Figure 1. Overall satisfaction metric over time, since the survey was started.

Survey Area	2017 Target	2017 Actual	2018 Target	2018 Actual	Significant Change
Overall Satisfaction	5.25	6.38	5.25	6.22	-0.16
Avg. of User Support ratings (Services Overall)	5.25	6.42	5.25	6.36	-0.14

Table 2. Overall satisfaction ratings.

Figure 2. User survey overall satisfaction metrics.

Factors Affecting Satisfaction

Overall satisfaction in 2018 remained high, with a score of 6.22. In addition, the high-level survey question areas on Services, Computing Resources, Data Resources, and Software all remained high and above the NERSC target. We can infer why each may have decreased slightly based on comments and feedback from users.

The survey solicits free-form comments about what NERSC does well and could do better, and key themes we see repeated in the comments are summarized in Table 3.

Factors Increasing Satisfaction	Factors Decreasing Satisfaction
Consulting support Web-based documentation Large-scale resources Provision of software System stability and uptime	Queue wait times Storage space limits Requirement to use MFA Compute time/allocation limits System stability and uptime

Table 3. Themes seen in survey comments sections.

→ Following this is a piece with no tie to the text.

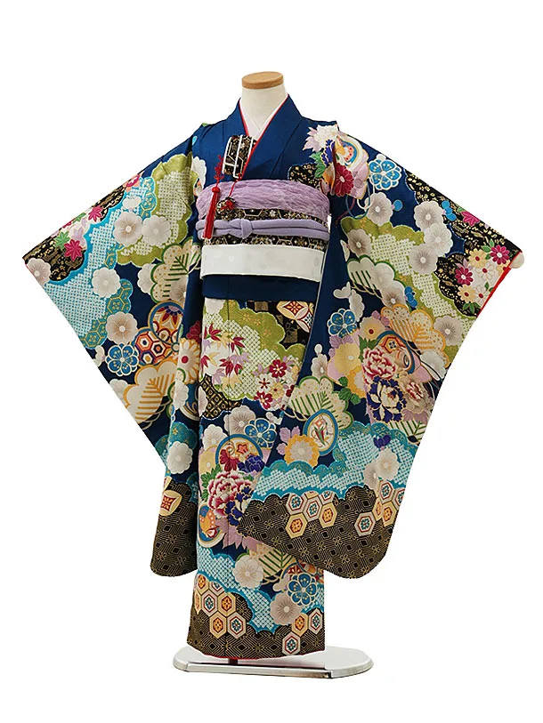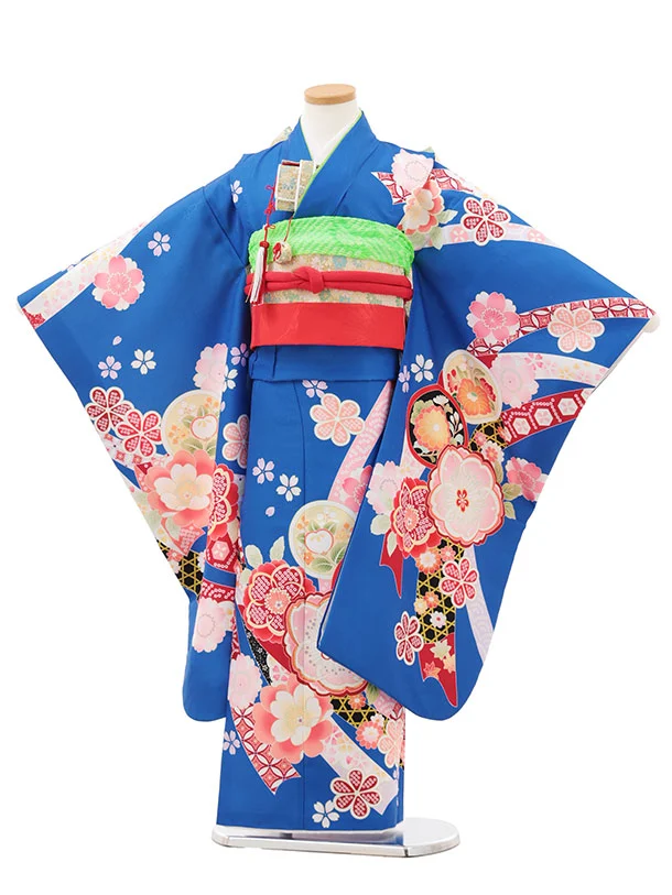 753レンタル(7歳女結び帯)7140 青しぼり柄

The themes are mostly consistent with results from 2017 and previous years; users remain very happy with NERSC's user support and consulting, and appreciate the scale of resources NERSC provides but would like the scale to be larger still (more compute resources, more storage space).

A new development in 2018 was the rollout of multi-factor authentication (MFA) support on an opt-in basis, and at the beginning of 2019 -- while the survey was being run -- MFA became mandatory for most users. The additional required step at login time increases security but imposes an initial learning curve on users and is undeniably less convenient. While we do not know how this affected user scores quantitatively, the impact of requiring MFA was visible in user comments.

Some User Comments

The free-form questions in the user survey provide some insights into what drives users’ perceptions of NERSC. Users are asked “What can NERSC do to serve you better?” and “What does NERSC do well?” to gauge what users think we can improve and what we should continue doing. We reproduce some representative comments below.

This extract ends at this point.